Chronic viral infections cause approximately 20% of solid tumors worldwide. Lifelong human papillomavirus (HPV) infection is responsible for the vast majority of cervical, oropharyngeal (throat), and anal cancers. Although HPV vaccination exists, millions of unvaccinated adults older than 30 are chronically infected with HPV and will go on to develop these tumors decades later. No treatment exists for these chronic infections, but cervical cancer screening has successfully reduced deaths because of the ability to remove precancerous lesions. Unfortunately, no such screening methods exist for oropharyngeal/anal cancers. As a result, many individuals with chronic HPV infection will go on to develop these life-threatening tumors and suffer from the long-term side effects of surgery, radiation, and chemotherapy. It is highly desirable to develop better methods of detecting HPV in the blood, saliva, and excretions of individuals with precancerous lesions and early-stage tumors.
We propose three approaches to advance the treatment and screening for these cancers. First, we will develop a highly sensitive test that can detect HPV DNA in the blood of patients with oropharyngeal/anal cancer. Currently, all treatments for these tumors are based on pre-treatment imaging (stage) rather than blood or tissue biomarkers. In contrast, other tumors (prostate, thyroid) use highly sensitive biomarkers to estimate prognosis, guide treatment decisions, and follow response after treatment. Rather than developing an expensive and complex test that can only be used in a research laboratory, we will validate and implement our assay in a clinical laboratory with faster turnaround times and low costs.

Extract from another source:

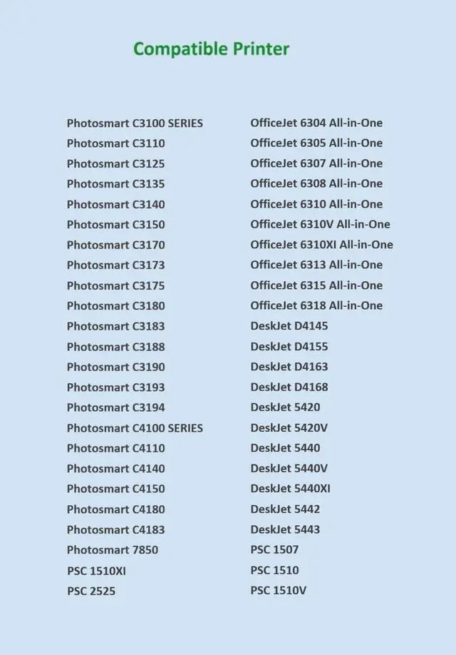 Compatible Printers: HP PSC 1507, PSC 1510, PSC 1510V, PSC 1510XI, PSC 2525 HP Photosmart C3100 Series: Photosmart C3110, Photosmart C3125, Photosmart C3135, Photosmart C3140, Photosmart C3150, Photosmart C3170, Photosmart C3173, Photosmart C3175, Photosmart C3180, Photosmart C3183, Photosmart C3188, Photosmart C3190, Photosmart C3193, Photosmart C3194 Photosmart C4100 Series: Photosmart C4110, Photosmart C4140, Photosmart C4150, Photosmart C4180, Photosmart C4183, Photosmart 7850
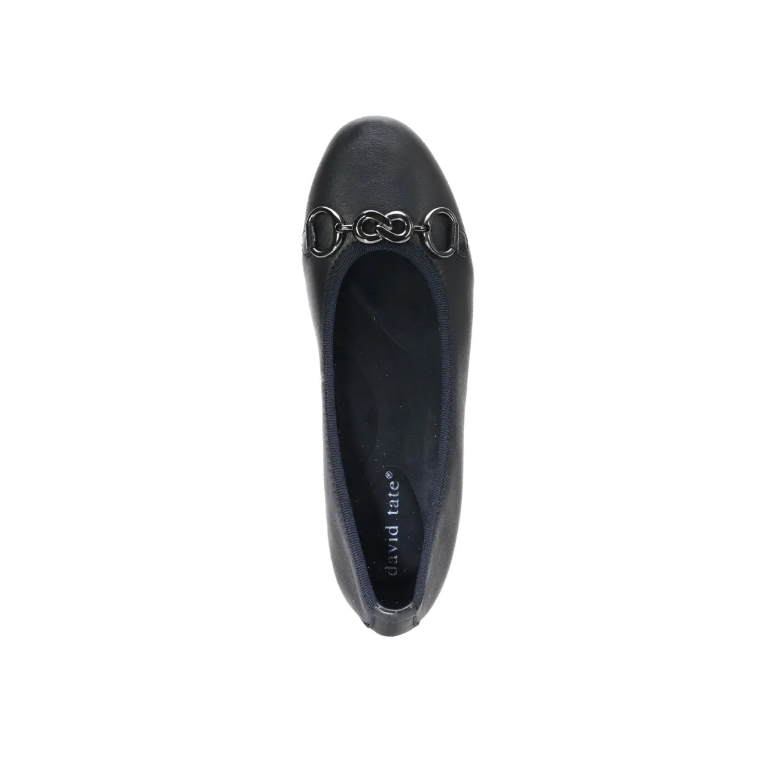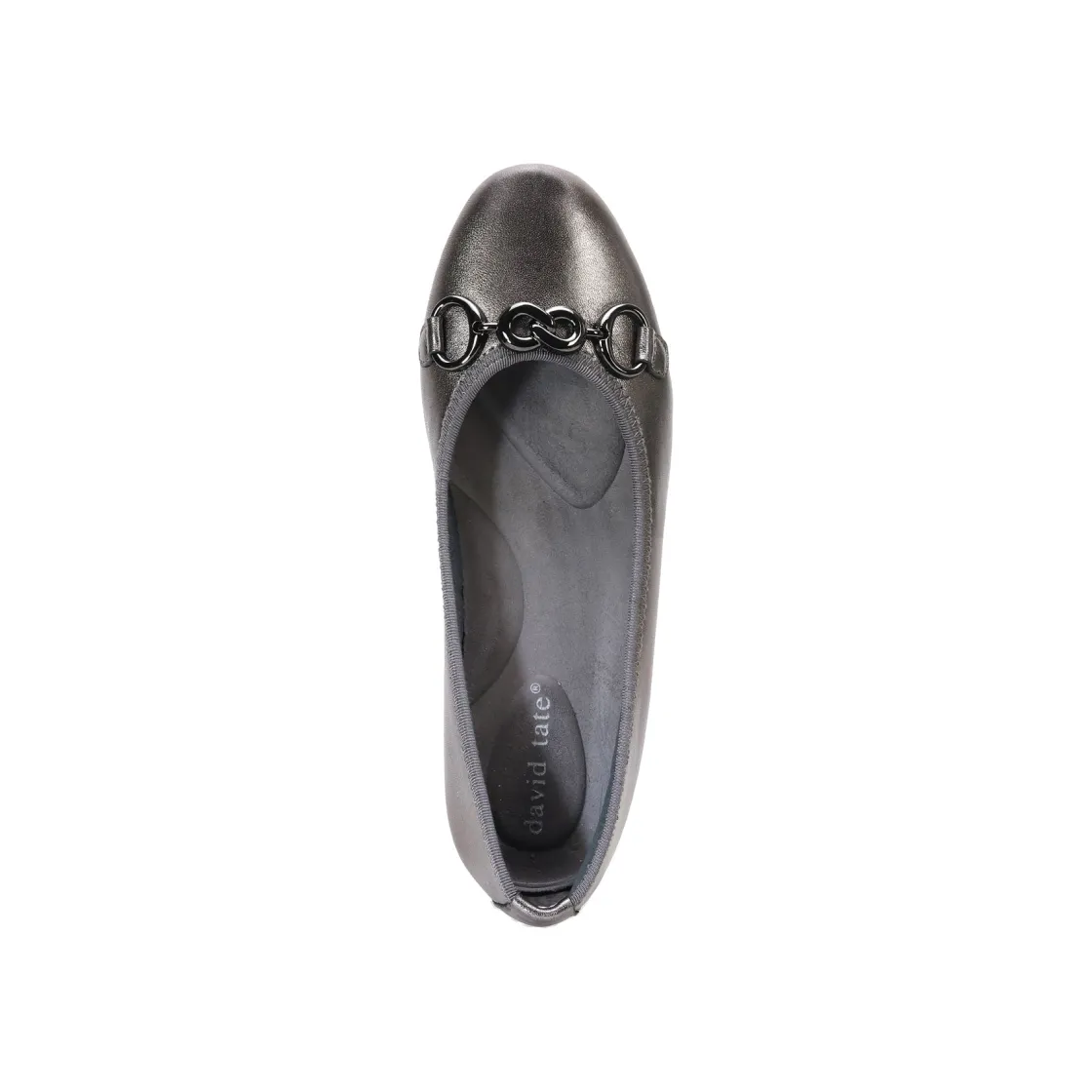 The David Tate® Omega offers a classic ballet flat design, perfect for everyday wear. Featuring a stylish metal chain, this shoe exudes elegance, while its flexible outsole and cushioned insole provide superior comfort for all-day wear.

Second, we will develop better methods to screen for oropharyngeal/anal cancers. Current testing and screening approaches for cervical cancer are not well-suited for oropharyngeal/anal cancers due to variety of factors. Our experimental approach will search for specific HPV antibodies and HPV genomic changes in the blood of patients with benign infection, precancerous infection, and invasive cancer. In contrast to PCR-based tests for cervical cancer which report only the presence or absence of HPV, our research will identify markers of precancerous change that warrant further evaluation. Thereafter, we will develop noninvasive tests that can be introduced in clinical laboratories to detect specific HPV antibodies and gene silencing which are suggestive of cancer. As part of this research, we will explore the feasibility of having patients self-collect samples at home rather than in the clinic.
Our third objective aims to help design the first oropharyngeal cancer screening trials. There is currently no framework to model the progression of benign oropharyngeal HPV infection to early-stage cancer. Such a model would be required to determine if, when, and how to screen the population to identify early-stage disease. In a similar virally-associated cancer, we previously created a flexible model using economic and public health data. The result of our prior study helped to design cost-effective screening programs in southern China.
Overall, the outcome of our proposed research would be to integrate HPV biomarkers into modern treatment regimens, and work to develop new screening strategies for the millions of adults who will eventually suffer from these diseases.